Foton-M No.2
- Mission type: Microgravity research
- Operator: Roskosmos ESA
- COSPAR ID: 2005-020A
- SATCAT no.: 28686
- Mission duration: 16 days

Spacecraft properties
- Spacecraft type: Foton-M
- Launch mass: 600 kilograms (1,300 lb)
- Payload mass: 385 kilograms (849 lb)

Start of mission
- Launch date: 31 May 2004, 12:00:00 UTC
- Rocket: Soyuz-U
- Launch site: Baikonur 1/5

End of mission
- Landing date: 16 June 2004

Orbital parameters
- Reference system: Geocentric
- Regime: Low Earth
- Eccentricity: 0.00308
- Perigee altitude: 261 kilometres (162 mi)
- Apogee altitude: 302 kilometres (188 mi)
- Inclination: 63º
- Period: 93 minutes

= Foton-M No.2 =

Unmanned spacecraft

Foton-M No.2 was an unmanned Foton-M spacecraft which carried a European payload for the European Space Agency (ESA). It was placed into orbit by a Russian Soyuz-U rocket launched at 12:00 UTC on 20 June 2005 from the Baikonur Cosmodrome in Kazakhstan by the Russian Space Agency (RKA). The Foton-M No.2 mission was a replacement for the failed Foton-M No.1 mission, which was lost in a launch failure on 15 October 2002.

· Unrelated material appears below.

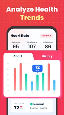 Heart Rate: Heart Rate Monitor is designed to help you measure your heart rate accurately and quickly in just a few seconds. You can measure your heart rate without professional equipment, view history charts, save data to the cloud, and even send data to doctors.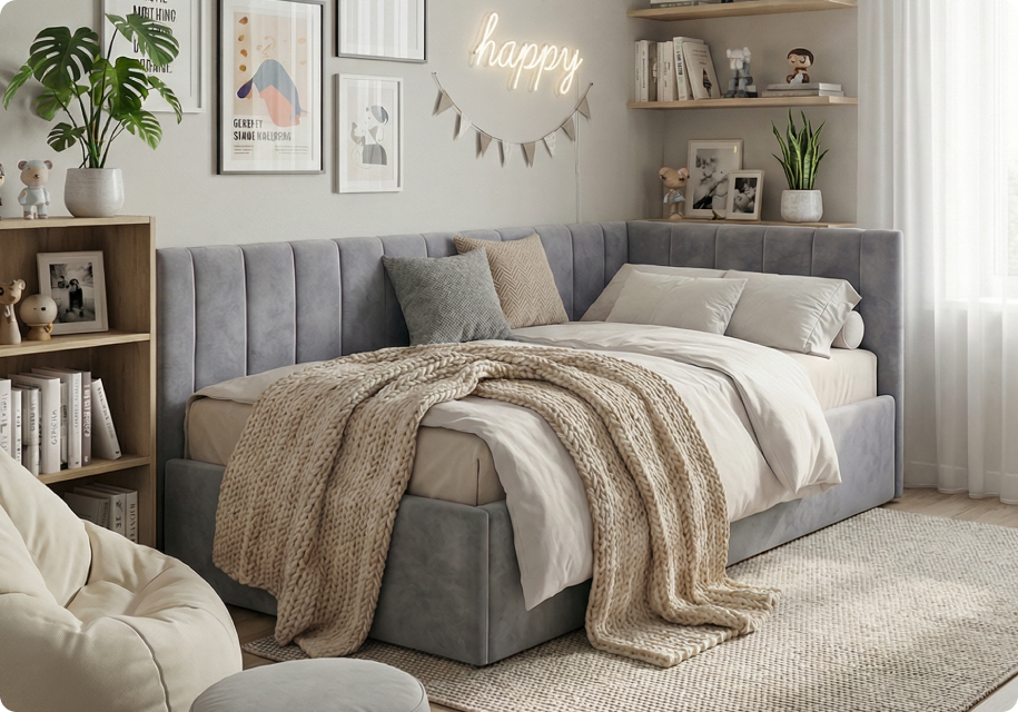 Из 300+ вариантов — велюр, рогожка, шенилл, бархат и другие. Используем гипоаллергенные и износостойкие ткани

The 600 kg payload carried by the spacecraft included 385 kg of experiments; consisting of 39 experiments in fluid physics, biology, material science, meteoritics, radiation dosimetry and exobiology (BIOPAN-5). Some of the experiments were designed by the ESA's student programme.

One notable experiment tested the ability of lichen to survive in space. It was successful, as the lichen survived over 14 days of exposure to space.